**** GIVEN DATA

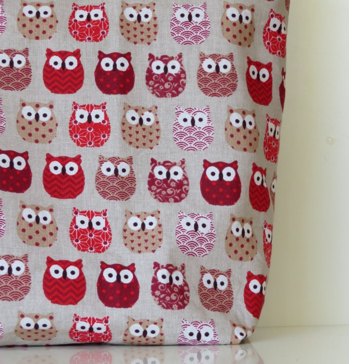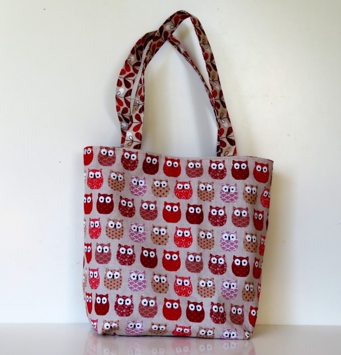 Gevoerd tasje met uiltjesprint gemaakt van een wat steviger katoentje.
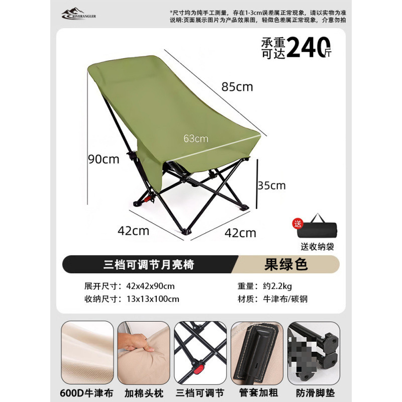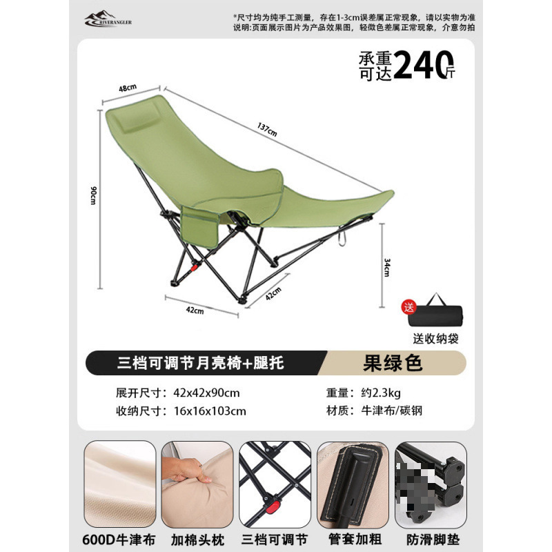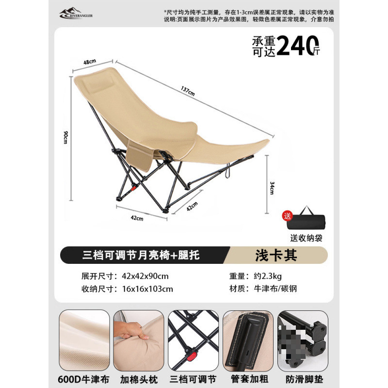 • 앉거나 눕거나 사용 가능 - 면을 추가하여 따뜻하게 유지 [면 추가 + 다리 받침대 포함 + 3단계 조절 가능한 달 의자 - 라이트 카키]
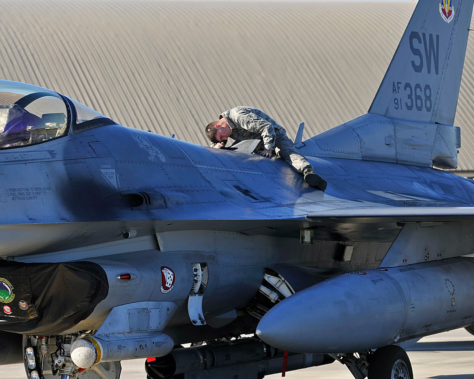 A 77th Aircraft Maintenance Unit dedicated crew chief from Shaw Air Force Base, S.C. performs maintenance on an F-16 Fighting Falcon Dec. 15, 2015, on the flightline at Tyndall AFB, Fla. The F-16 is a compact, multi-role fighter aircraft. It is highly maneuverable and has proven itself in air-to-air combat and air-to- surface attack. (U.S. Air Force photo/Senior Airman Sergio A. Gamboa)
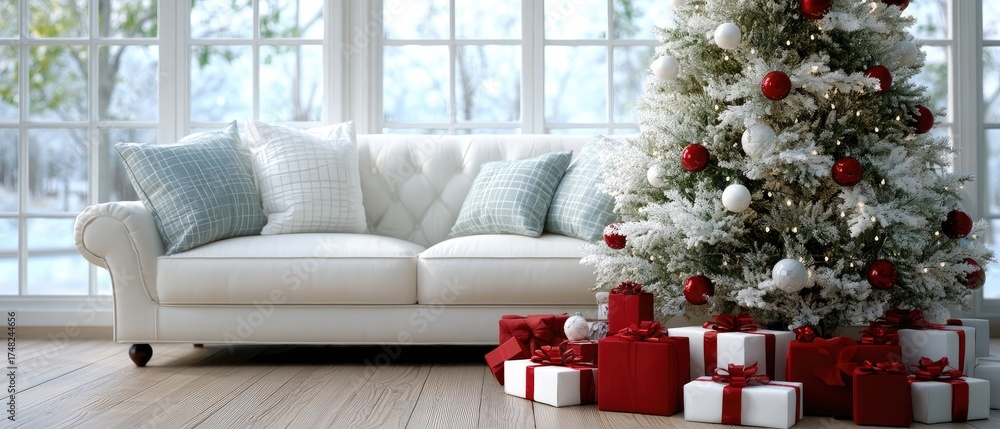 Warm and inviting living area features a couch adorned with cushions, holiday decor, and a Christmas tree amidst snowy views #1748244656
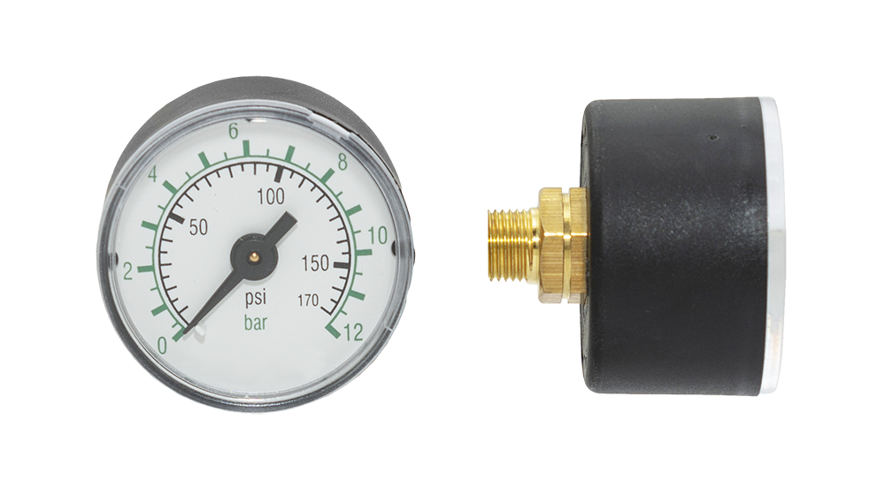 17070A.C - Манометр с осевым подводом воздуха (сзади), R1/8", 0..12бар, диаметр корпуса 40мм
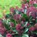 Цветет скиммия в мае. Белые соцветия по форме были похожи на сирень. На месте цветков образуются гроздья алых ягод. Плоды у скиммии появляются только на растениях женского пола. Поэтому для опыления цветков нужно сажать мужские и женские растения. Ягоды обычно держатся на растениях до цветения следующей весной.
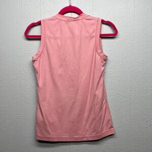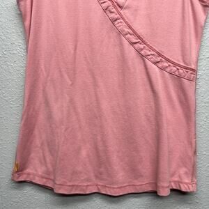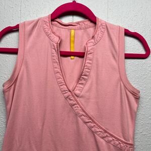 Lole women's pink ribbed top. Sleeveless. Ruffle trim. Stretch. Lightweight. In good used condition. No stains, tears or holes.
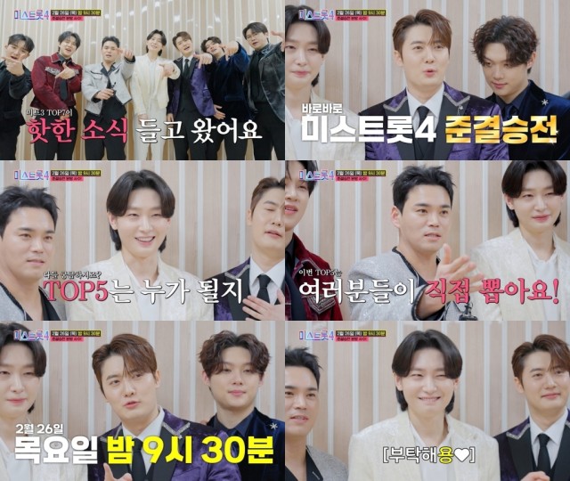 '미스터트롯3' TOP7은 김용빈, 손빈아, 천록담, 춘길, 최재명, 남승민, 추혁진으로 구성되어 있으며, 이들은 1년 전 같은 무대에 서며 쌓은 경험을 바탕으로 '미스트롯4'의 준결승전을 응원하고 있다. 김용빈은 "문자 많이 보내주실 거죠?"라는 발언으로 시청자들의 관심을 끌었다.
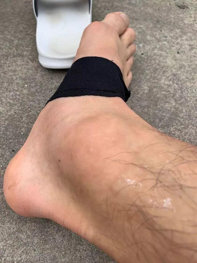 2019年10月28日,上马前三周,TNF100沈阳越野赛,左脚踝扭伤,右脚踝肿胀。

********

→ EXERCISE REQUIREMENTS
From the line with "의자 - 라이트 카키]" to the final line of the records, inclusive, set down the lines exactly and add nothing; leave every picture out.

→ OUTPUT OF THE TASK
 • 앉거나 눕거나 사용 가능 - 면을 추가하여 따뜻하게 유지 [면 추가 + 다리 받침대 포함 + 3단계 조절 가능한 달 의자 - 라이트 카키]
 A 77th Aircraft Maintenance Unit dedicated crew chief from Shaw Air Force Base, S.C. performs maintenance on an F-16 Fighting Falcon Dec. 15, 2015, on the flightline at Tyndall AFB, Fla. The F-16 is a compact, multi-role fighter aircraft. It is highly maneuverable and has proven itself in air-to-air combat and air-to- surface attack. (U.S. Air Force photo/Senior Airman Sergio A. Gamboa)
 Warm and inviting living area features a couch adorned with cushions, holiday decor, and a Christmas tree amidst snowy views #1748244656
 17070A.C - Манометр с осевым подводом воздуха (сзади), R1/8", 0..12бар, диаметр корпуса 40мм
 Цветет скиммия в мае. Белые соцветия по форме были похожи на сирень. На месте цветков образуются гроздья алых ягод. Плоды у скиммии появляются только на растениях женского пола. Поэтому для опыления цветков нужно сажать мужские и женские растения. Ягоды обычно держатся на растениях до цветения следующей весной.
 Lole women's pink ribbed top. Sleeveless. Ruffle trim. Stretch. Lightweight. In good used condition. No stains, tears or holes.
 '미스터트롯3' TOP7은 김용빈, 손빈아, 천록담, 춘길, 최재명, 남승민, 추혁진으로 구성되어 있으며, 이들은 1년 전 같은 무대에 서며 쌓은 경험을 바탕으로 '미스트롯4'의 준결승전을 응원하고 있다. 김용빈은 "문자 많이 보내주실 거죠?"라는 발언으로 시청자들의 관심을 끌었다.
 2019年10月28日,上马前三周,TNF100沈阳越野赛,左脚踝扭伤,右脚踝肿胀。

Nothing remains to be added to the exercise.